§ **PROBLEM TO WORK ON**
What you return should be the lines from the one with "국회 국무총리 인사청문특별위원회" through the one with "Yesterday on the" in the data below, reproduced exactly with both ends, and no pictures at all.

§ **STUDY MATERIAL**
***

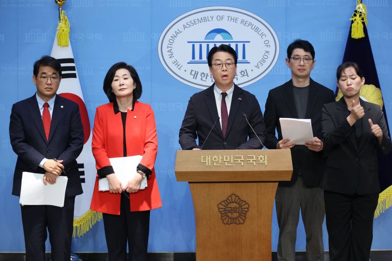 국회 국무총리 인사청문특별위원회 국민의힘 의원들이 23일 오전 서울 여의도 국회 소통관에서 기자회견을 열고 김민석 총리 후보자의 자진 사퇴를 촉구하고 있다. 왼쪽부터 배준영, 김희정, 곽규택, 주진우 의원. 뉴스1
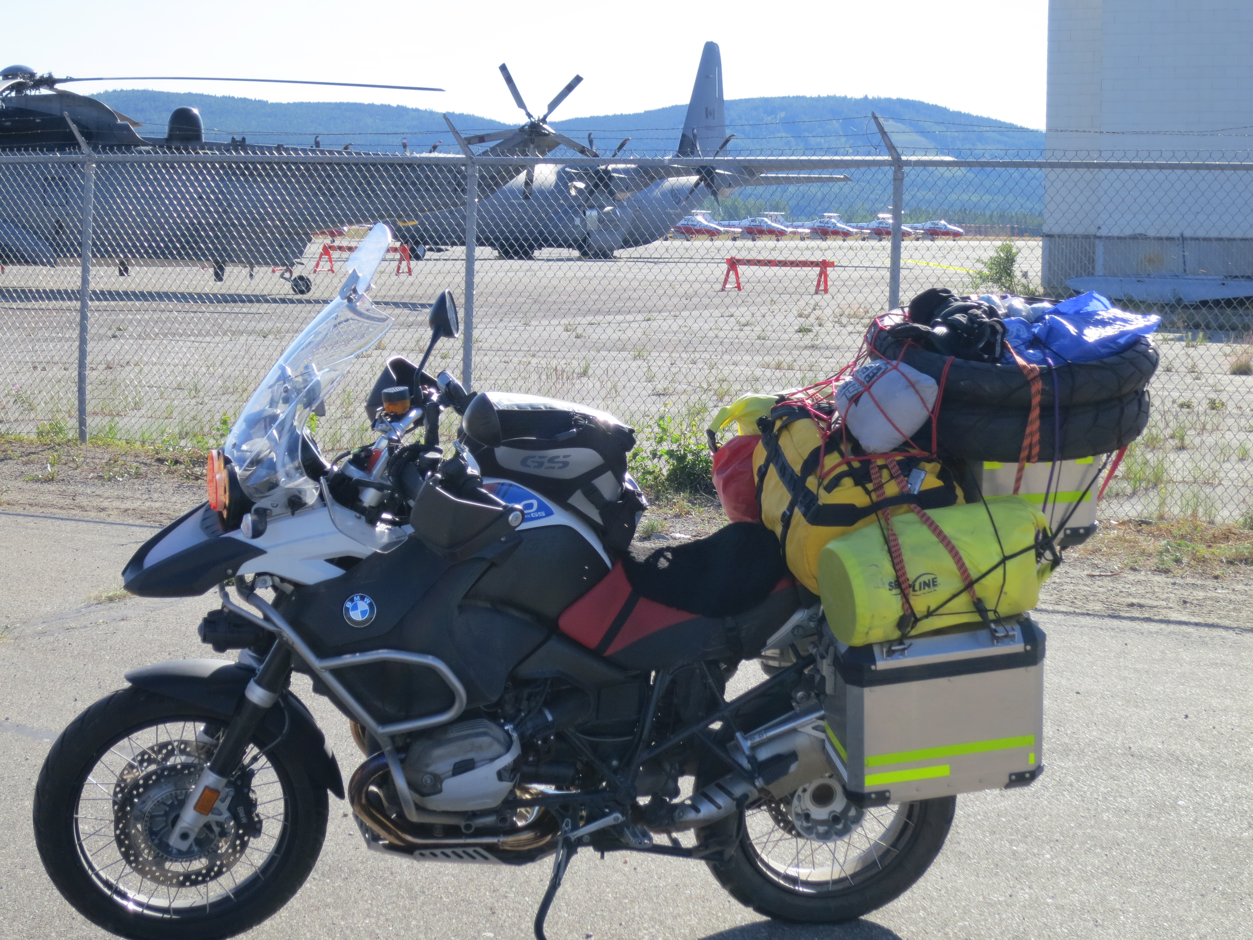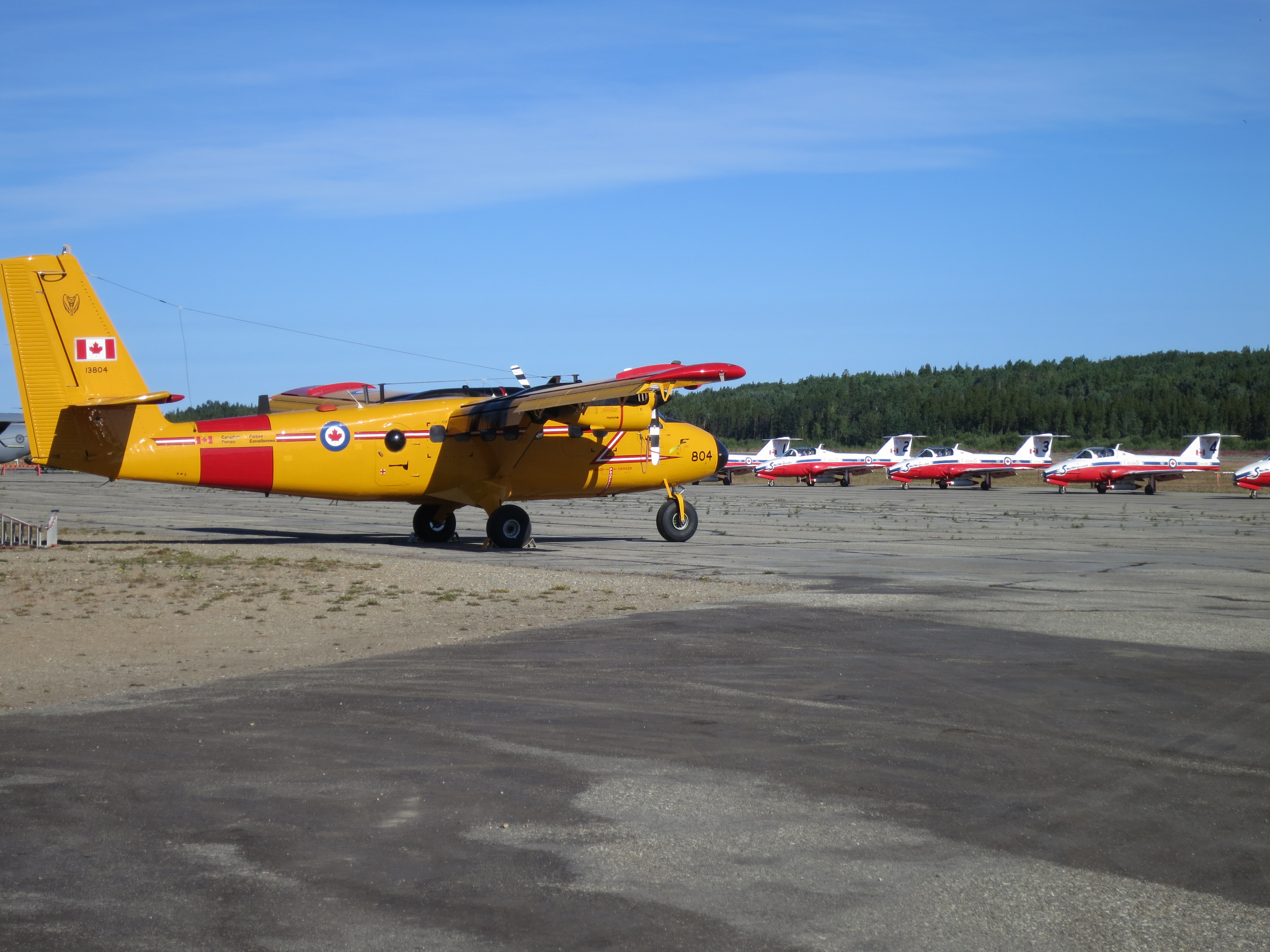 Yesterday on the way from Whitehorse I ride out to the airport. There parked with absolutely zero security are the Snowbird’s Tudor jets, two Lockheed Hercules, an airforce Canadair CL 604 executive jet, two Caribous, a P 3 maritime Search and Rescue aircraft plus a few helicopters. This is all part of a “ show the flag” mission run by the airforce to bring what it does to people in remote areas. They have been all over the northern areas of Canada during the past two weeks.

***

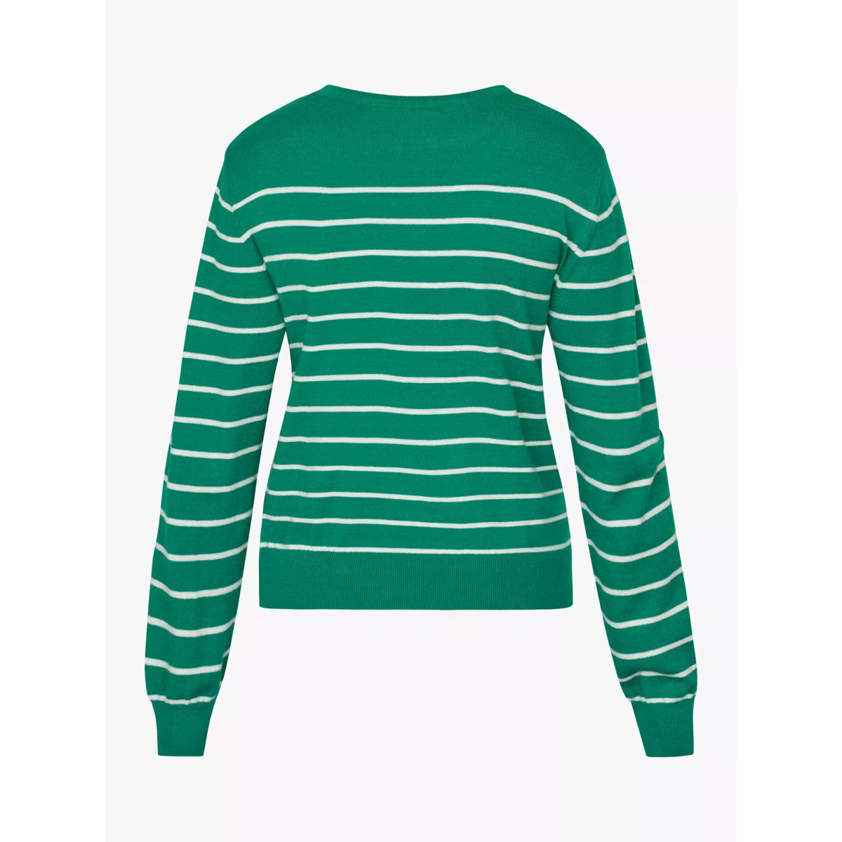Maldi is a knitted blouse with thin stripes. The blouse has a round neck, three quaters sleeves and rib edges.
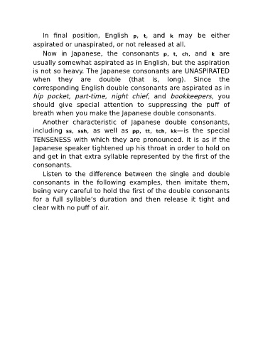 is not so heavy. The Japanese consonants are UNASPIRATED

***

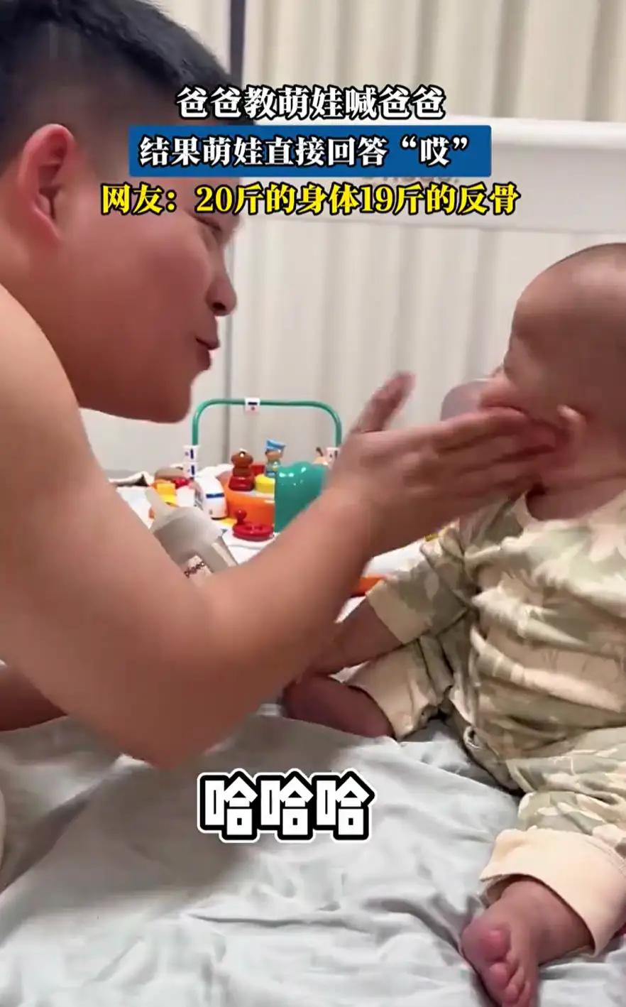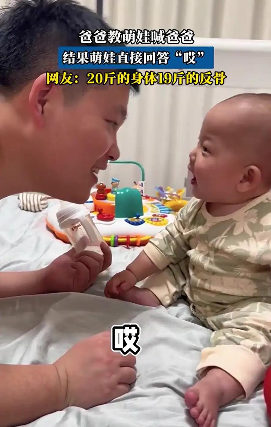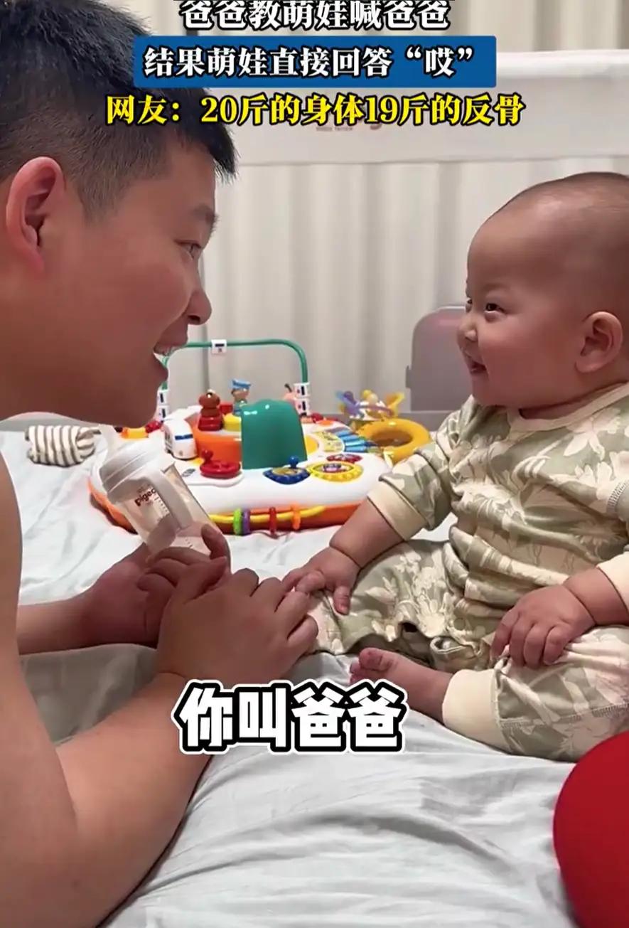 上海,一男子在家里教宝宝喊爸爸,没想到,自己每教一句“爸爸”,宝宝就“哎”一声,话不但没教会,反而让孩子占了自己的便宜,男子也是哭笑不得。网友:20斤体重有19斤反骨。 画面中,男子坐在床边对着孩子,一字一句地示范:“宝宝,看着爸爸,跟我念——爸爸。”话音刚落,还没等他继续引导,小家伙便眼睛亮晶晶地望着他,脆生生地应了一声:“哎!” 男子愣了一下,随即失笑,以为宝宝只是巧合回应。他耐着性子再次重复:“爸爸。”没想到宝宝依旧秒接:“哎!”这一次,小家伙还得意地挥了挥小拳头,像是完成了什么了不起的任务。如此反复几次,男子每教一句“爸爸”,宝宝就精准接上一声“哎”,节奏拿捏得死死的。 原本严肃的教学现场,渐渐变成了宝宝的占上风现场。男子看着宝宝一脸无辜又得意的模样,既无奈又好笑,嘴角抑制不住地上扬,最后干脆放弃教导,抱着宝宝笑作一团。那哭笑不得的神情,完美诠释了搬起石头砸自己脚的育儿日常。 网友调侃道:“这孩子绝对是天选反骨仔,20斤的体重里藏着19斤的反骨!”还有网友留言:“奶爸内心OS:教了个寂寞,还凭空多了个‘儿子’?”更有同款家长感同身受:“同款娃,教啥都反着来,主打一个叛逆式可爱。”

***

§ **YOUR RESPONSE**
 국회 국무총리 인사청문특별위원회 국민의힘 의원들이 23일 오전 서울 여의도 국회 소통관에서 기자회견을 열고 김민석 총리 후보자의 자진 사퇴를 촉구하고 있다. 왼쪽부터 배준영, 김희정, 곽규택, 주진우 의원. 뉴스1
 Yesterday on the way from Whitehorse I ride out to the airport. There parked with absolutely zero security are the Snowbird’s Tudor jets, two Lockheed Hercules, an airforce Canadair CL 604 executive jet, two Caribous, a P 3 maritime Search and Rescue aircraft plus a few helicopters. This is all part of a “ show the flag” mission run by the airforce to bring what it does to people in remote areas. They have been all over the northern areas of Canada during the past two weeks.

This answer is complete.